TASK GOAL
Among the entries that follow, locate the line with "충청지방우정청(청장 이승재)은 25일" and the line with "To simplify importing, a". Output those lines and all lines in between, exactly, minus the pictures.

THE DATA below:

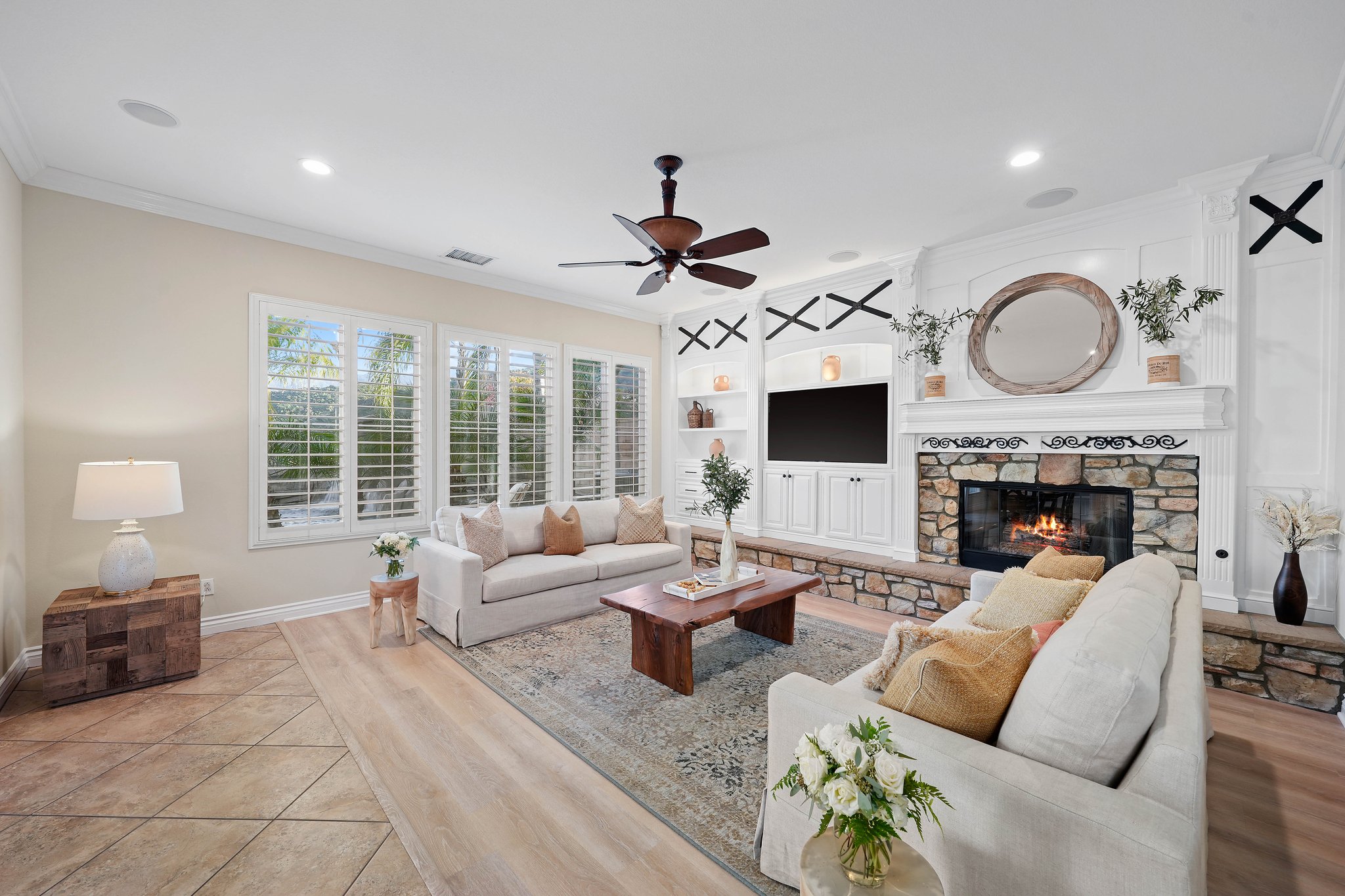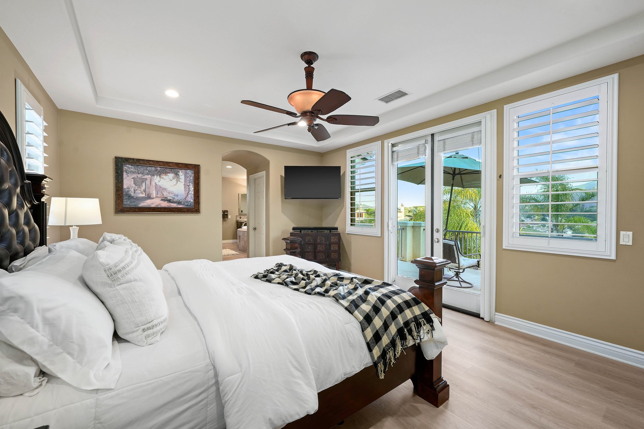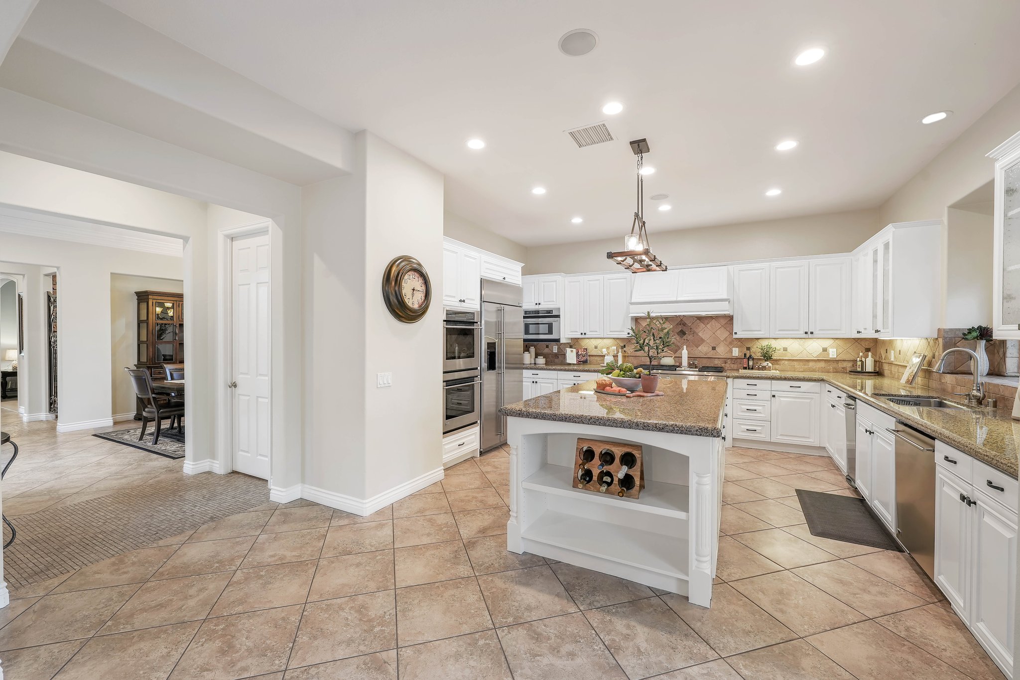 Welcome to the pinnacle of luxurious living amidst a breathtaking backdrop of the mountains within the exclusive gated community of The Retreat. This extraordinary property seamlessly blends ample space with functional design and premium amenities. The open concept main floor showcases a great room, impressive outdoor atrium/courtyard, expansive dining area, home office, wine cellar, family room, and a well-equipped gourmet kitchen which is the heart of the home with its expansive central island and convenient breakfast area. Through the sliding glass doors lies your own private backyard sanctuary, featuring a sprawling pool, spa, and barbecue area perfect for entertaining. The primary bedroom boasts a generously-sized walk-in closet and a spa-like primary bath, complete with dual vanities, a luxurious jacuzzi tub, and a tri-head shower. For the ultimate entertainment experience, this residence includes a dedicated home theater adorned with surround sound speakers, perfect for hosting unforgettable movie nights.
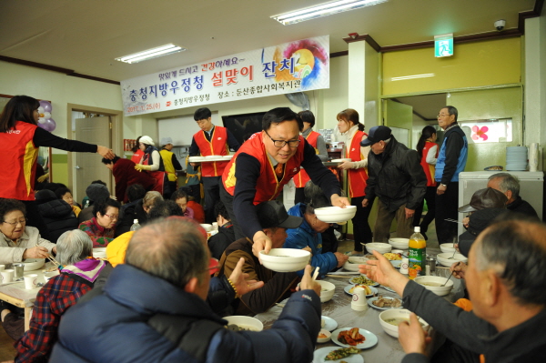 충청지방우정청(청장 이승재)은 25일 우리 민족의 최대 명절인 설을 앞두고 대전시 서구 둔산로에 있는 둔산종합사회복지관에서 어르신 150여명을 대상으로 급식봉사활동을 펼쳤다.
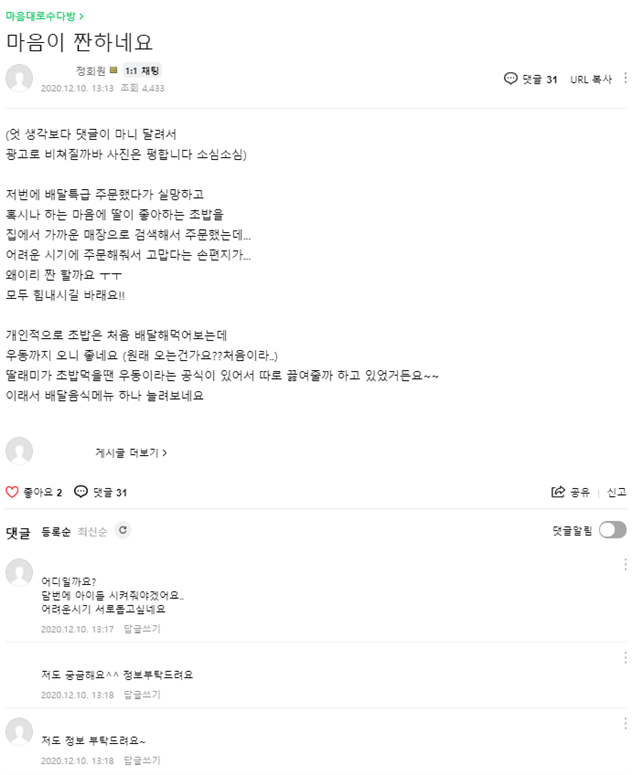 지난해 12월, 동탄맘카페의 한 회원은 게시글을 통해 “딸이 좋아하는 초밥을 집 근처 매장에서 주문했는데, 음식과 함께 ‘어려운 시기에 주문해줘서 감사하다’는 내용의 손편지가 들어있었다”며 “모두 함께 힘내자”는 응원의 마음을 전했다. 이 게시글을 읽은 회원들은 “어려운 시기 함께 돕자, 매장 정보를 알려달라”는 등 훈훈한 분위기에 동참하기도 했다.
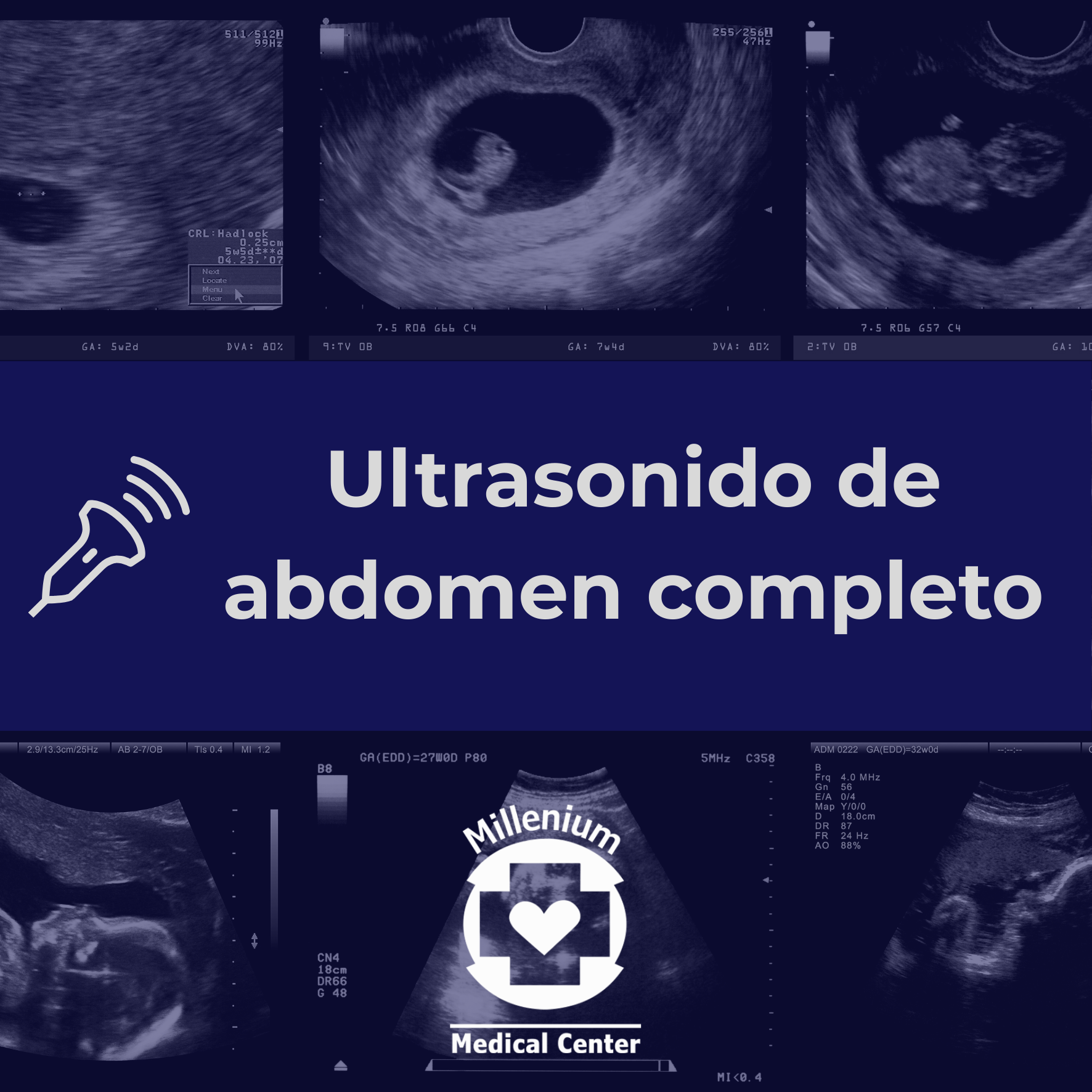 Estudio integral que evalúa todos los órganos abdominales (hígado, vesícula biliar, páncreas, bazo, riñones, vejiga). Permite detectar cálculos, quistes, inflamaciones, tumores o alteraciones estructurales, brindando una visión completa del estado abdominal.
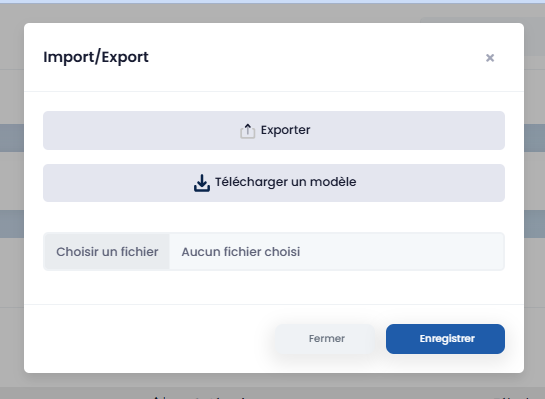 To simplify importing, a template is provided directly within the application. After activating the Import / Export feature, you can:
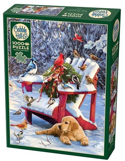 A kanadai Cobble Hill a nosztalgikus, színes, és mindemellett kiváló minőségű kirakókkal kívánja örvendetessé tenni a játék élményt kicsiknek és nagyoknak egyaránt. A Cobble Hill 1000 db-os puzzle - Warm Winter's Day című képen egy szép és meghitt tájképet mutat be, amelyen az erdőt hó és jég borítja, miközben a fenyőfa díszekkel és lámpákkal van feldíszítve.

End of THE DATA.

OUTPUT FOR THIS EXERCISE
 충청지방우정청(청장 이승재)은 25일 우리 민족의 최대 명절인 설을 앞두고 대전시 서구 둔산로에 있는 둔산종합사회복지관에서 어르신 150여명을 대상으로 급식봉사활동을 펼쳤다.
 지난해 12월, 동탄맘카페의 한 회원은 게시글을 통해 “딸이 좋아하는 초밥을 집 근처 매장에서 주문했는데, 음식과 함께 ‘어려운 시기에 주문해줘서 감사하다’는 내용의 손편지가 들어있었다”며 “모두 함께 힘내자”는 응원의 마음을 전했다. 이 게시글을 읽은 회원들은 “어려운 시기 함께 돕자, 매장 정보를 알려달라”는 등 훈훈한 분위기에 동참하기도 했다.
 Estudio integral que evalúa todos los órganos abdominales (hígado, vesícula biliar, páncreas, bazo, riñones, vejiga). Permite detectar cálculos, quistes, inflamaciones, tumores o alteraciones estructurales, brindando una visión completa del estado abdominal.
 To simplify importing, a template is provided directly within the application. After activating the Import / Export feature, you can:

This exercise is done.